= Beginning of Section =

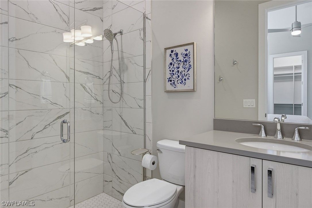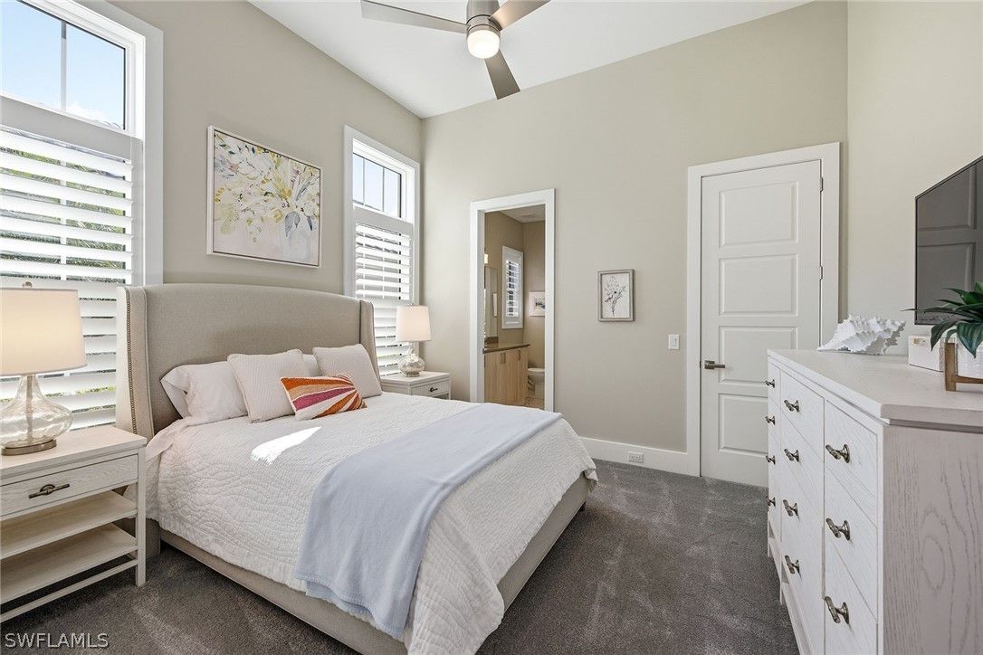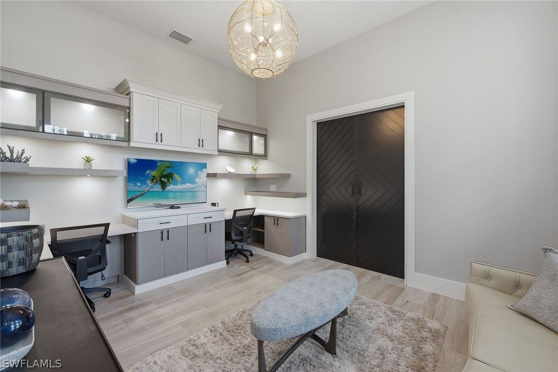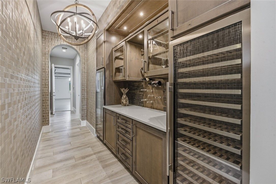 Surrounded by lush tropical landscaping on a nearly half-acre home site, this stunning designer-furnished residence in the desirable Marsh Cove village of Fiddler’s Creek offers exceptional privacy, desired southern exposure and luxury indoor-outdoor living at its finest. Built in 2018 and showcasing the sought-after Pontevedra open floor plan, the home offers four bedrooms plus a den, five baths and nearly 3,600 square feet of thoughtfully designed living space, complemented by a spacious three-car garage and expansive outdoor living areas. From the moment you enter through metal and glass French doors with a transom window, refined finishes and architectural details set the tone, including wood-look porcelain plank tile flooring throughout, volume and vaulted ceilings, recessed LED lighting and plantation shutters. Designed to capture natural light and seamless flow to the outdoors, the main living areas open to a spectacular private lanai retreat framed by mature tropical landscaping and a large backyard. The outdoor living area features natural stone pavers, a heated pool and spa with spillover, decorative fire bowls and fountain, and a picture-frame pool cage maximizing tranquil garden views. Two covered lanai spaces provide inviting areas for relaxing or entertaining and are enhanced by a gas fireplace and lighted pool cage columns, while the summer kitchen includes a stainless gas grill, cooktop and under-counter refrigerator. Additional outdoor features include a poolside bath, electric storm shutters enclosing both lanai areas, and with impact glass throughout. The chef’s kitchen is beautifully appointed with quartz counters, natural stone tile backsplash, center island, white cabinetry with under-cabinet lighting and pullout pantry shelving, and premium appliances including a six-burner natural gas range with griddle. The dining area features custom built-in cabinetry with accent lighting and views of the pool and lanai, while the spacious living area offers a built-in entertainment center, dry bar with under-counter wine refrigerator and sliding glass doors opening to the outdoor living space. The private primary suite includes a sitting area, plantation shutters and direct lanai access, while the luxurious bath offers dual quartz vanities, a freestanding soaking tub, frameless glass walk-in shower with dual shower heads and a large custom walk-in closet. Guest accommodations include two bedrooms connected by a Jack-and-Jill bath and a separate guest suite with en-suite bath and walk-in closet, while the den with built-in desks and cabinetry provides an ideal home office. Additional highlights include a custom wine bar with two wine refrigerators, tankless water heater and a three-car garage with epoxy flooring and built-in storage. Residents enjoy Fiddler’s Creek’s resort-style amenities including pools, dining, tennis, fitness, pickleball and spa services with optional memberships available for golf, marina and beach club access.
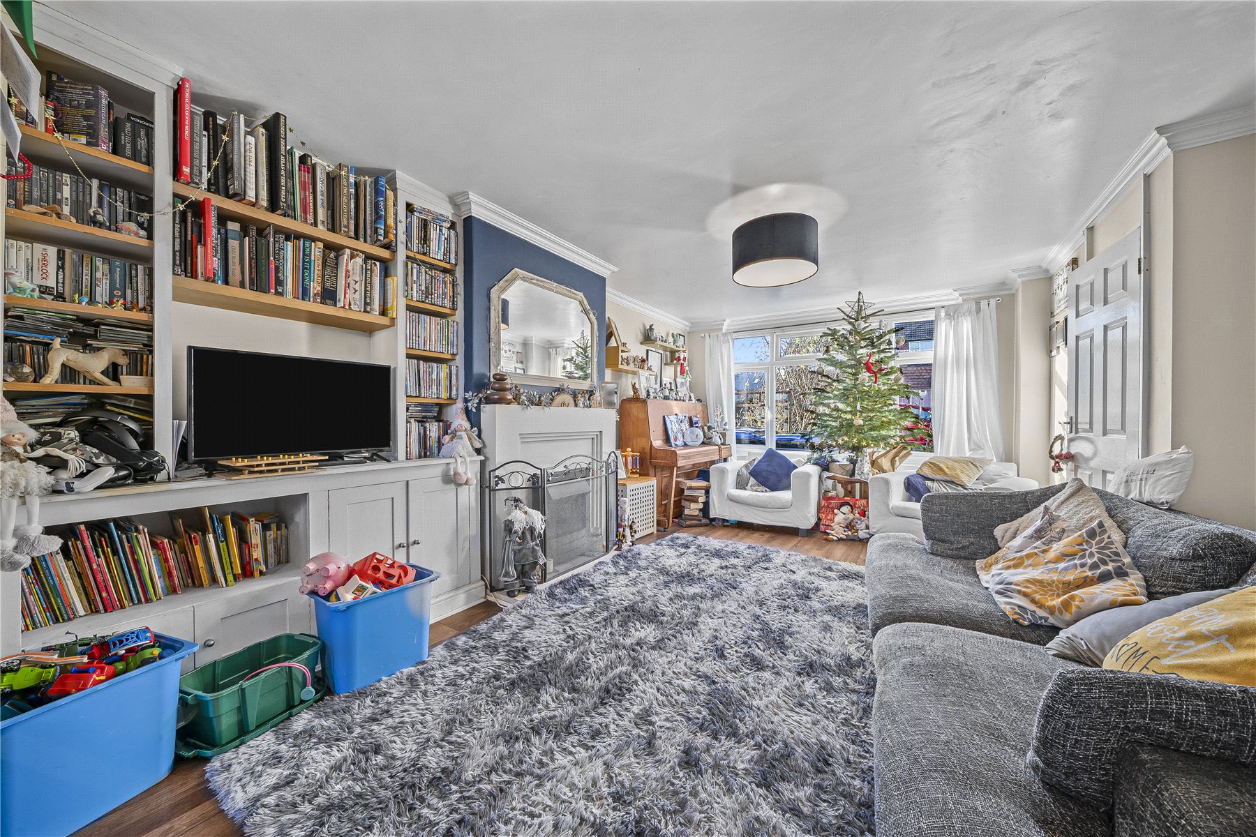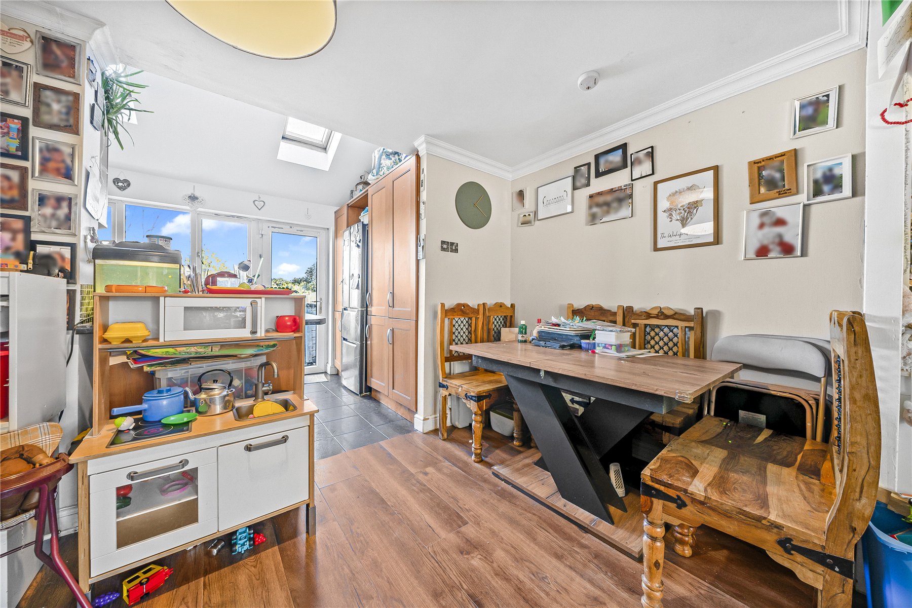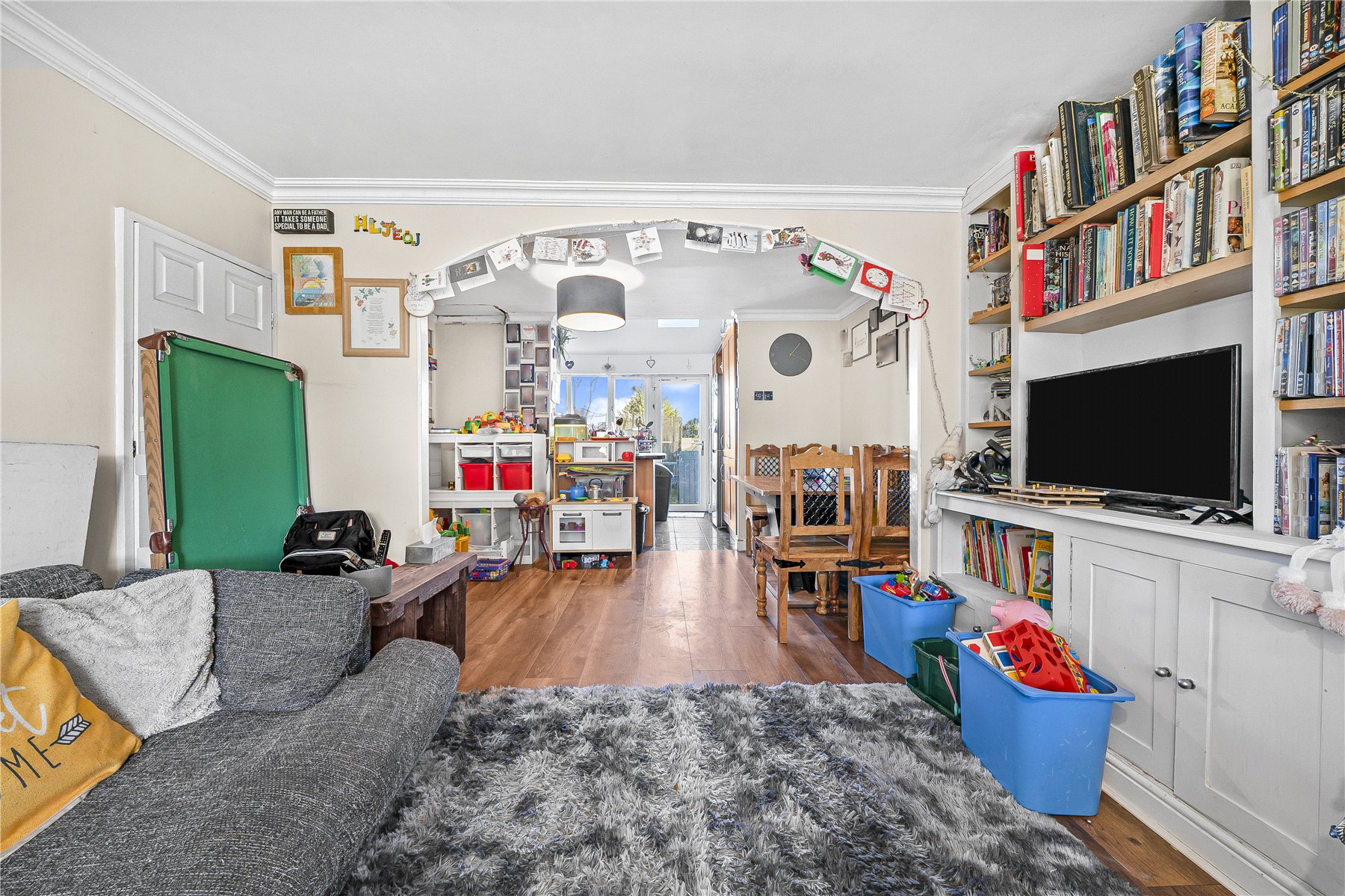 The ground floor comprises a welcoming front aspect lounge, enhanced by bespoke fitted shelving and units that provide both style and practical storage. To the rear, a thoughtfully designed extension has created a spacious open-plan kitchen and dining area, forming the heart of the home and offering an excellent space for everyday living and entertaining, with views over the rear garden.
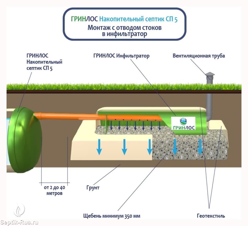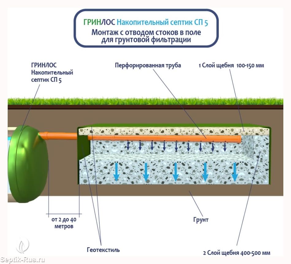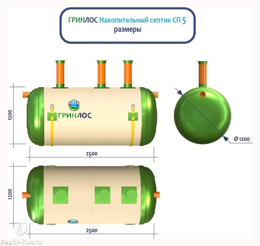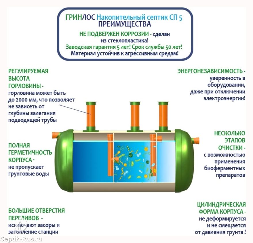 Герметичная конструкция Гринлос Накопительного септика СП 5 исключает трещины и разгерметизацию, защищая окружающую среду и здоровье людей. Грунт и подземные воды надежно защищены от загрязнений, предотвращая неприятные запахи и попадание вредных веществ.

= End of Section =

The data above needs to be retyped exactly, with the images left out.

PROBLEM SOLUTION:
 Surrounded by lush tropical landscaping on a nearly half-acre home site, this stunning designer-furnished residence in the desirable Marsh Cove village of Fiddler’s Creek offers exceptional privacy, desired southern exposure and luxury indoor-outdoor living at its finest. Built in 2018 and showcasing the sought-after Pontevedra open floor plan, the home offers four bedrooms plus a den, five baths and nearly 3,600 square feet of thoughtfully designed living space, complemented by a spacious three-car garage and expansive outdoor living areas. From the moment you enter through metal and glass French doors with a transom window, refined finishes and architectural details set the tone, including wood-look porcelain plank tile flooring throughout, volume and vaulted ceilings, recessed LED lighting and plantation shutters. Designed to capture natural light and seamless flow to the outdoors, the main living areas open to a spectacular private lanai retreat framed by mature tropical landscaping and a large backyard. The outdoor living area features natural stone pavers, a heated pool and spa with spillover, decorative fire bowls and fountain, and a picture-frame pool cage maximizing tranquil garden views. Two covered lanai spaces provide inviting areas for relaxing or entertaining and are enhanced by a gas fireplace and lighted pool cage columns, while the summer kitchen includes a stainless gas grill, cooktop and under-counter refrigerator. Additional outdoor features include a poolside bath, electric storm shutters enclosing both lanai areas, and with impact glass throughout. The chef’s kitchen is beautifully appointed with quartz counters, natural stone tile backsplash, center island, white cabinetry with under-cabinet lighting and pullout pantry shelving, and premium appliances including a six-burner natural gas range with griddle. The dining area features custom built-in cabinetry with accent lighting and views of the pool and lanai, while the spacious living area offers a built-in entertainment center, dry bar with under-counter wine refrigerator and sliding glass doors opening to the outdoor living space. The private primary suite includes a sitting area, plantation shutters and direct lanai access, while the luxurious bath offers dual quartz vanities, a freestanding soaking tub, frameless glass walk-in shower with dual shower heads and a large custom walk-in closet. Guest accommodations include two bedrooms connected by a Jack-and-Jill bath and a separate guest suite with en-suite bath and walk-in closet, while the den with built-in desks and cabinetry provides an ideal home office. Additional highlights include a custom wine bar with two wine refrigerators, tankless water heater and a three-car garage with epoxy flooring and built-in storage. Residents enjoy Fiddler’s Creek’s resort-style amenities including pools, dining, tennis, fitness, pickleball and spa services with optional memberships available for golf, marina and beach club access.
 The ground floor comprises a welcoming front aspect lounge, enhanced by bespoke fitted shelving and units that provide both style and practical storage. To the rear, a thoughtfully designed extension has created a spacious open-plan kitchen and dining area, forming the heart of the home and offering an excellent space for everyday living and entertaining, with views over the rear garden.
 Герметичная конструкция Гринлос Накопительного септика СП 5 исключает трещины и разгерметизацию, защищая окружающую среду и здоровье людей. Грунт и подземные воды надежно защищены от загрязнений, предотвращая неприятные запахи и попадание вредных веществ.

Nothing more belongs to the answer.